Analyzing Syracuse Municipal Complaint Resolution CuseHacks Datathon
This project analyzed municipal complaint resolution efficiency in Syracuse, leveraging data visualization and predictive modeling.
- Recognized for Best Presentation at CuseHacks 2025 for delivering compelling visual storytelling and actionable municipal insights.
- Used Python, Pandas DataFrame, and Seaborn to clean, categorize, and visualize large-scale city complaint reports, revealing key trends in departmental performance and resolution efficiency.
- Leveraged Scikit-Learn (sklearn) with Linear Regression to predict complaint resolution times and evaluate how different city departments improve over time.

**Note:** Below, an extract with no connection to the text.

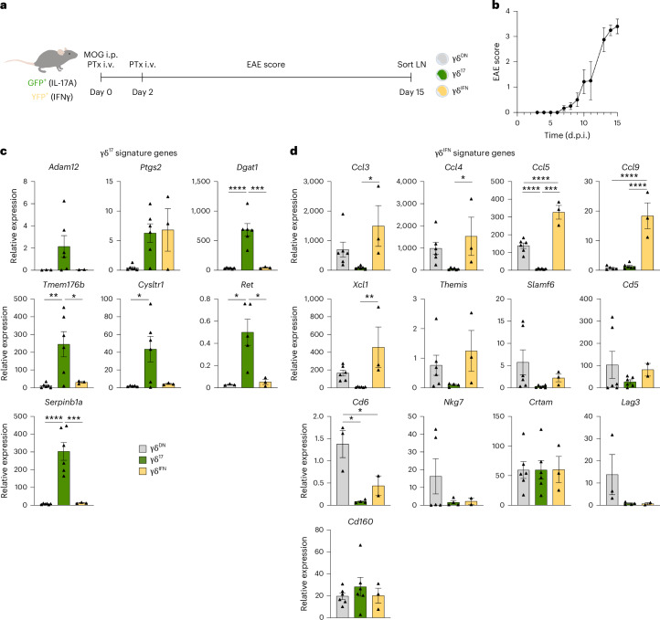 γδ T cells producing either interleukin-17A (γδ17 cells) or interferon-γ (γδIFN cells) are generated in the mouse thymus, but the molecular regulators of their peripheral functions are not fully characterized. Here we established an Il17a-GFP:Ifng-YFP double-reporter mouse strain to analyze at unprecedented depth the transcriptomes of pure γδ17 cell versus γδIFN cell populations from peripheral lymph nodes. Within a very high fraction of differentially expressed genes, we identify a panel of 20 new signature genes in steady-state γδ17 cells versus γδIFN cells, which we further validate in models of experimental autoimmune encephalomyelitis and cerebral malaria, respectively. Among the signature genes, we show that the co-receptor CD6 and the signaling protein Themis promote the activation and proliferation of peripheral γδIFN cells in response to T cell antigen receptor stimulation in vitro and to Plasmodium infection in vivo. This resource can help to understand the distinct activities of effector γδ T cell subsets in pathophysiology.

Data2LinearRegression CuseHacks Hackathon
The project's goal is provide a web interface where a user can upload a CSV file, store its data in a SQLite database, and create a linear regression model based off of two provided variables.

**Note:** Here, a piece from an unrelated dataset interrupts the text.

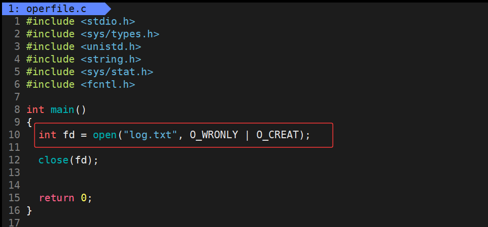 接下来我们将逐步演示如何创建、打开和关闭文件。首先,我们使用带两个参数的open函数尝试打开一个不存在的文件,并以O_WRONLY(只写)模式进行操作,观察系统是否能在当前工作目录下自动创建该文件:

- Developed a web-based application utilizing Python, Flask, and SQLite that allows users to upload CSV files, organize the data into SQL tables and generate linear regression models for data analysis.
- Implemented a front-end interface with HTML, CSS, and JavaScript, featuring drag and drop functionality, input validation for assigning graph variables, and regression plot visualization, ensuring a user-friendly experience.

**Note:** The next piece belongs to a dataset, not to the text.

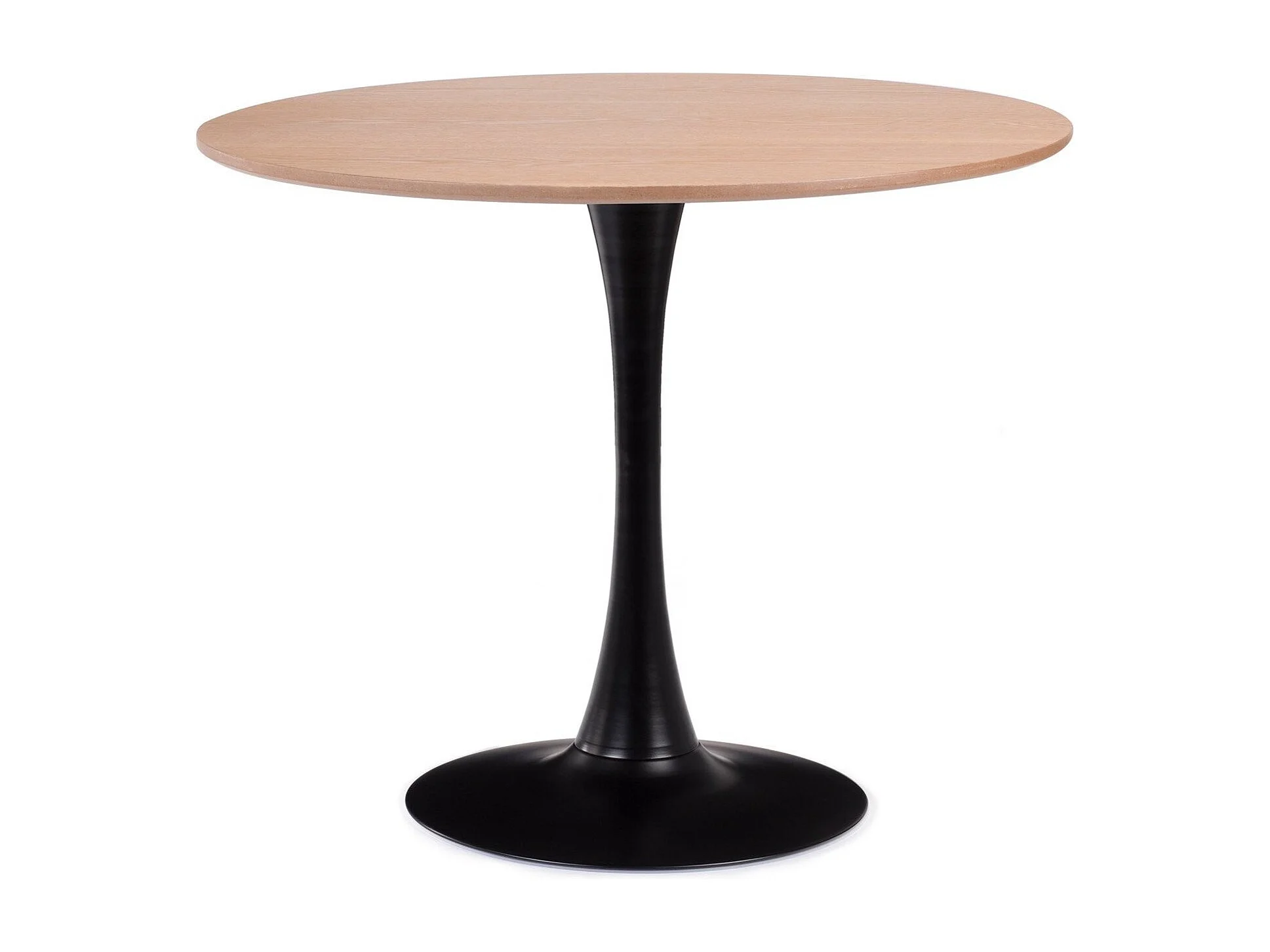 Table ronde moderne bois naturel et pied métal noir Tulipa 80cm

- Integrated Matplotlib and Seaborn to generate real-time regression plots for visual analysis.

Chess Personal
The goal of this project is to create a modified verison of chess that can be played in the terminal.
- Designed and implemented a functional modified version of chess, utilizing algorithms to track game state, and maintain accurate board consistency.
- Utilized object-oriented design principles to develop chess piece classes (Pawn, Rook, etc.) with specific movement rules and validations.
Coursework
CIS 321: Introduction to Probability & Statistics
Programming-oriented introduction to fundamentals in statistics and probability; elementary statistics, graphical and numerical representation; probability distributions; tests and confidence intervals; regression, and correlation.
CIS 341: Computer Organization & Programming Systems
Digital logic, data types and their representations, instruction set architecture, assembly language, program construction, processors, memory hierarchy, traps and interrupts, privilege and security, input-output subsystems.
CIS 352: Programming Language: Theory & Practice
Environments, stores, scoping, functional and imperative languages, modules, classes, data encapsulation, types, and polymorphism. Implementation of these constructs in a definitional interpreter.
CSE 384: Systems and Network Programming
Unix programming and shell scripting for systems and network software. Makefiles, compilers, linkers, debuggers, software with multiple source files. Dynamic memory allocation, system calls, C programming, pointers, concurrent/parallel programming, defensive programming techniques, network programming.
CIS 375: Introduction to Discrete Mathematics
Basic set theory and symbolic logic. Methods of proof, including mathematical induction. Relations, partitions, partial orders, functions, and graphs.
CIS 351: Data Structures
Abstract data structures including arrays, lists, trees, binary search trees, priority queues, graphs. Algorithm analysis. Examples include data structures used for security-related applications.
CIS 252: Elements of Computer Science
Introduction to key computer-science concepts through functional programming. Recursion, data representation, data abstraction, and computational patterns. Algebraic data types and higher-order functions. Models of computation.
PHI 251: Logic
Logic as a formal language, as a component of natural language, and as a basis of a programming language. Varieties of logical systems and techniques. Syntax, semantics and pragmatics.